Barbecue for breakfast? It was the only choice afforded me with a slew of afternoon meetings on the day’s agenda, so I stopped at Trenton’s Round House BBQ at 9:00 on a February morning and prepared my palette for a wake-up call.
When owner Chris Hancock learned of my interest, he called on the chef to prepare a diverse array of some of the house favorites. What arrived on the table included half a rack of ribs, beef brisket, brisket hash, macaroni and cheese, a beef egg roll, smoked turkey, smoked sausage, and the restaurant’s recently introduced macaroni and cheese egg rolls.
It was an array more generous than I expected and certainly more than I could finish, but I managed several critical bites of each portion, testing for tenderness and flavor in each mouthful.
The menu did not disappoint. I found every piece of meat well-seasoned and tender, Round House’s point of pride and for which they credit their slow smoke process. The brisket in particularly pulled apart easily, smoky but not spicy. Its sauce can’t be found on the table but is provided specifically for the brisket. Likewise, the brisket hash retained its flavor without overpowering the taste buds, a surprisingly welcome dish for an early meal.
Both the ribs and the smoked sausage boasted of the same qualities as the brisket, but I found the smoked turkey most mesmerizing. A healthier alternative to traditional BBQ fare, the smoked turkey rests beneath the restaurant’s house seasoning and salt. Its tenderness rivaled my chef-husband’s Thanksgiving prize, particularly impressive as a piece of white meat.
It’s a wise menu option for those who don’t want to sacrifice a cheat day, and Round House BBQ offers a selection of equally healthy sides to accompany the turkey, including green beans or salad. Lunchtime diners can also try the turkey lunch special, a set of turkey sliders with caramelized onions. Regardless of what form it takes, the smoked turkey offers a welcome alternative for more selective eaters. After all, what Chris describes as “comfort food at its core” doesn’t necessarily need to include a guilt trip.
Yet higher-calorie items, perhaps the real reason to do barbecue right, can make the meal out worth it. Easily the heaviest item on my plate, the beef egg roll is simply shepherd’s pie all rolled up and usually served with beef gravy. It’s filling and heavy, so don’t order it if you’re looking for a lighter meal. Mashed potatoes tended to dominate, but increasing hints of beef and vegetables complemented well as I continued the roll.

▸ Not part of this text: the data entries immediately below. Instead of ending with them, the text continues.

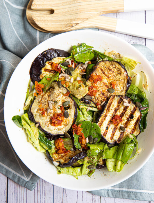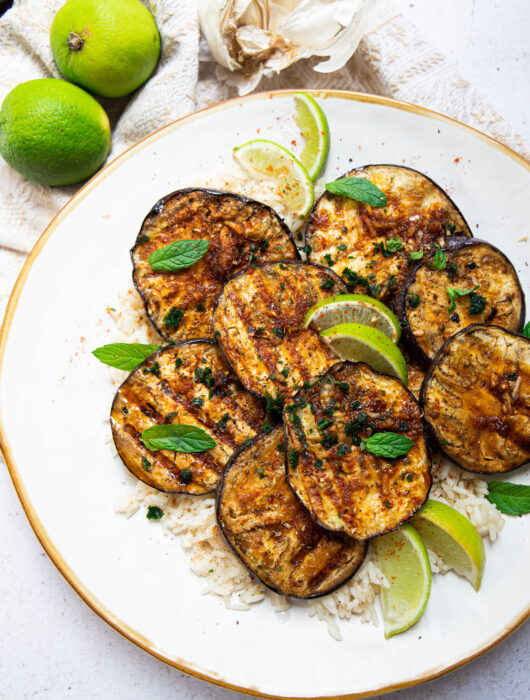 L’aubergine en fête, un article, deux recettes : aubergines grillées et couscous, sauce blanche à la menthe et tartinade d’aubergines aux câpres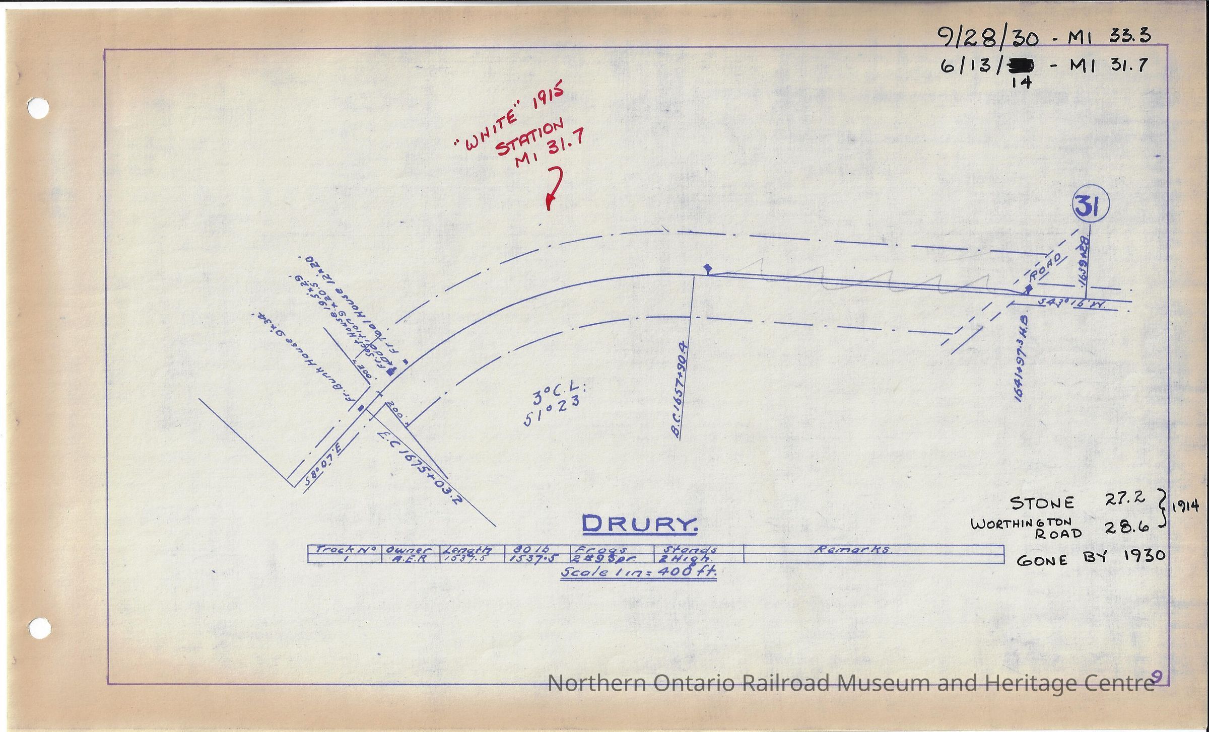 Rail yard plan of the Algoma Eastern Railway's Drury yard. Contains a layout of the rail yard as well as: track numbers, owners, lengths, weights, frogs and stands. Done by AER as part of the longterm lease that CPR began in 1930, taking over the small railway.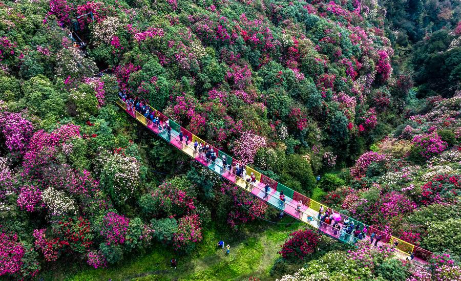 1日、百里杜鵑管理区の普底風景区で花見を楽しむ観光客。(畢節=新華社記者/劉続)

Round House’s newest addition, the mac and cheese egg roll, claimed first place. Both the regular macaroni and cheese and the egg roll stem from the same recipe save an extra layer of cheese covering the former, but I found the egg roll softer and creamier, an utterly cheesy delight emerging from a crunchy shell. The roll also comes with a unique bacon-infused ranch dressing for an inviting combination of tastes. Unrestrained by any dough, the regular macaroni and cheese had something of a kick in its aftertaste, likely the final word from a strain of sharp cheddar.
With seats for ninety and another fifteen tables on the patio to encourage summer diners, Round House BBQ has done well for itself since its start in 2008, probably due to its mastery of basic barbecue. According to Chris, more customers eat their meat naked than with a sauce, but the restaurant is prepared anyway, offering everything from Kansas City sauce for ribs, Carolina sauce for pulled pork, and the house original for chicken.
Success, in his words, has come from an ability to “judge what the masses like” and accommodate everyone on the spectrum from the Midwest to the South.
This Midwest taster for one loved it. Come at nine for a hearty breakfast or at lunch for a break on the river, but any barbecue aficionado, amateur or otherwise, will find a treat.